A manhã desta sexta-feira (14) foi marcada por protestos na entrada oficial da COP30, após lideranças indígenas bloquearem o acesso de delegações, voluntários, funcionários e também da imprensa. Apesar de pacífica, a manifestação impediu a entrada de credenciados e provocou atrasos na programação do evento.

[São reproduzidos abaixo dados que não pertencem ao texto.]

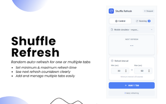 Eklenti, kullanıcıların yalnızca ihtiyaç duyduklarında aktif hale getirebileceği bir tasarıma sahiptir. Her bir sekme, kendi yenileme zamanlaması ile bağımsız olarak çalışırken, yaklaşan yenilemeler için sayım zamanlayıcıları da gösterir. Kullanıcılar, sekmeleri ekleyip kaldırabilir, başlatabilir veya durdurabilirler. Ayrıca, bir görsel sınır ile yenileme etkin olan sekmeleri kolayca tanımlamak mümkündür. Shuffle Refresh, şeffaflık ve gizlilik odaklı bir anlayışla tasarlanmıştır ve kullanıcıların kişisel verilerini toplamaz.
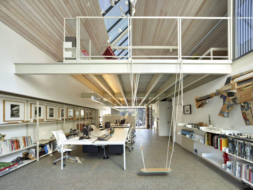 Internally, on ground floor, we find the original brick-work walls linked by an exposed steel structure. On the upper level, the flooring is a continuous epoxy paint, which reflects the light and contrasts with the timber ceiling.
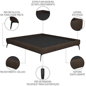 A Cama Casal Queen com Cabeceira 165cm Pés Metálicos Elisa S05 Veludo Marrom, da Mpozenato, é uma cama moderna e de design elegante, perfeita para qualquer quarto de casal!
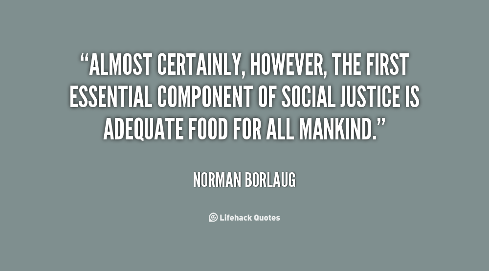 Almost certainly, however, the first essential component of social justice is adequate food for all mankind.
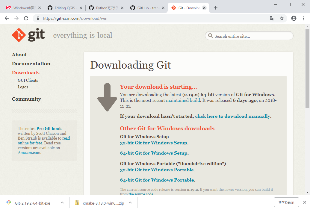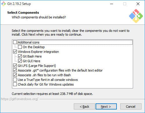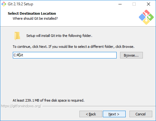 GitのサイトよりGit-2.19.2-64-bit.exeをダウンロード後、C:\Gitにインストール
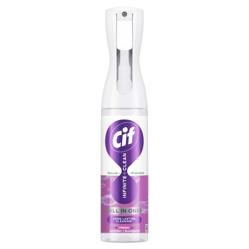 Cif Infinite Clean Uniwersalny Spray Fresh Lavender + Eucalyptus – Twoje codzienne sprzątanie na nowym poziomie! Poznaj innowacyjny środek czyszczący, który łączy skuteczność tradycyjnych detergentów z dobroczynnym działaniem naturalnych probiotyków. Idealny do codziennego czyszczenia różnego rodzaju powierzchni, zapewnia higieniczną czystość i świeżość w Twoim domu. Wszechstronne zastosowanie uniwersalnego sprayu Cif sprawdzi się wszędzie – w kuchni, łazience, a nawet na zewnątrz! Doskonale czyści: • Płyty kuchenne • Lustra i szkło • Blaty • Krany • Urządzenia elektroniczne • Półki na książki • Rowery • Płytki • Przestrzenie, w których przebywają Twoi najbliżsi i zwierzęta domowe** To wciąż nie wszystko. Przedłużone dzięki naturalnym probiotykom działanie, ułatwia usuwanie zanieczyszczeń, zapewniając czystość na powierzchniach nawet do 3 dni*! Dzięki temu Cif Infinite Clean nie tylko czyści, ale i dba o Twoje otoczenie, zapewniając długotrwałą świeżość. Ten uniwersalny spray jest wyjątkowo łatwy w użyciu. Został umieszczony w wygodnej butelce z rozpylaczem, dzięki czemu czyszczenie jest szybkie i bezproblemowe. Wystarczy wstrząsnąć butelką, spryskać powierzchnię, przetrzeć i cieszyć się efektem mgiełki, która dociera nawet do trudno dostępnych miejsc. Ze względu na bezpieczeństwo, podczas czyszczenia sprzętu elektronicznego najpierw nanieś produkt na ściereczkę, a następnie delikatnie przetrzyj powierzchnię urządzenia, wcześniej odłączonego od prądu. Aby odświeżyć miękkie powierzchnie, takie jak tapicerki, rozpyl niewielką ilość produktu z odległości i pozostaw do wyschnięcia. Jeśli nieskazitelna czystość, higiena i kompleksowa pielęgnacja to coś, o co chcesz zadbać w swoim domu, koniecznie wypróbuj także inne produkty marki Cif, takie jak mleczko kuchenne, odtłuszczacz czy odkamieniacz. Zadbaj razem z Cif o czystą i bezpieczną przyszłość! * Efekt działania probiotyków na twardych powierzchniach nawet do 3 dni. ** Koty i psy.
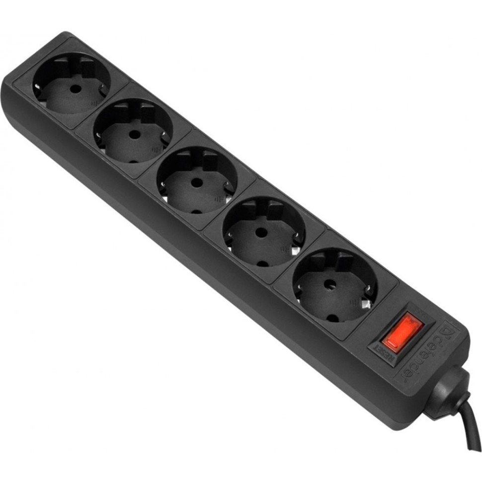 Сетевой фильтр 5 гнезд, 5 м, Defender ES 5.0, черный
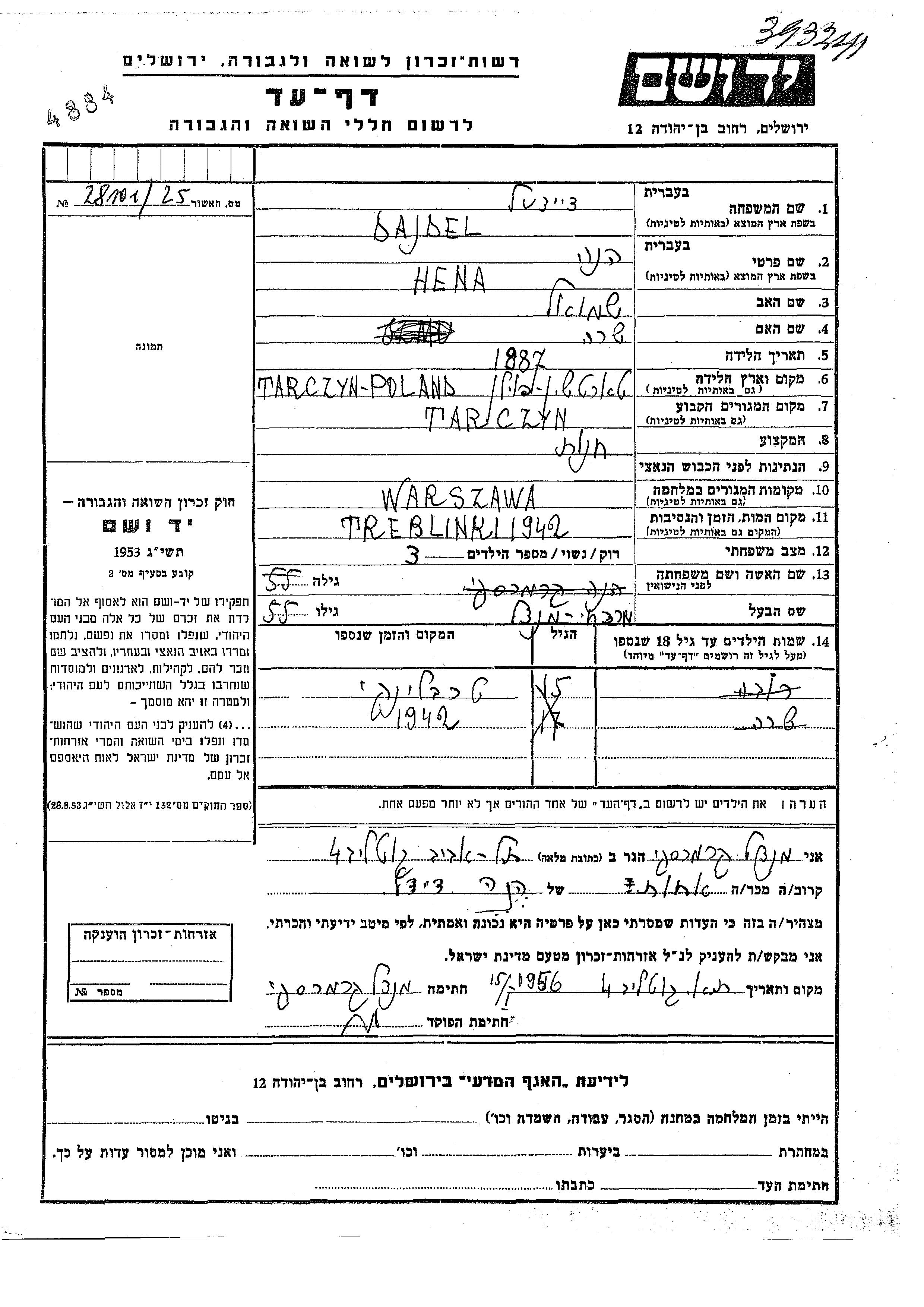 Ruva Dajdel wurde Er/sie war der/ die Sohn/Tochter von Mordekhai Mendel und Hena, geb. Kramarski. Er/Sie war Kind. Vor dem Zweiten Weltkrieg er/sie in Tarczyn, Polen. Während des Krieges war er/sie in Warsaw, Polen.

A diretora de conteúdo do Canal Rural, Jaqueline Silva, que tentava acessar o espaço no momento do bloqueio, relatou as dificuldades. Ela e o diretor do Canal Rural Sul, Giovani Ferreira, precisaram utilizar uma segunda entrada aberta emergencialmente pela organização, já que o acesso principal só foi liberado por volta das 9h50, após o presidente da COP30, André Corrêa do Lago, sair para conversar diretamente com os manifestantes.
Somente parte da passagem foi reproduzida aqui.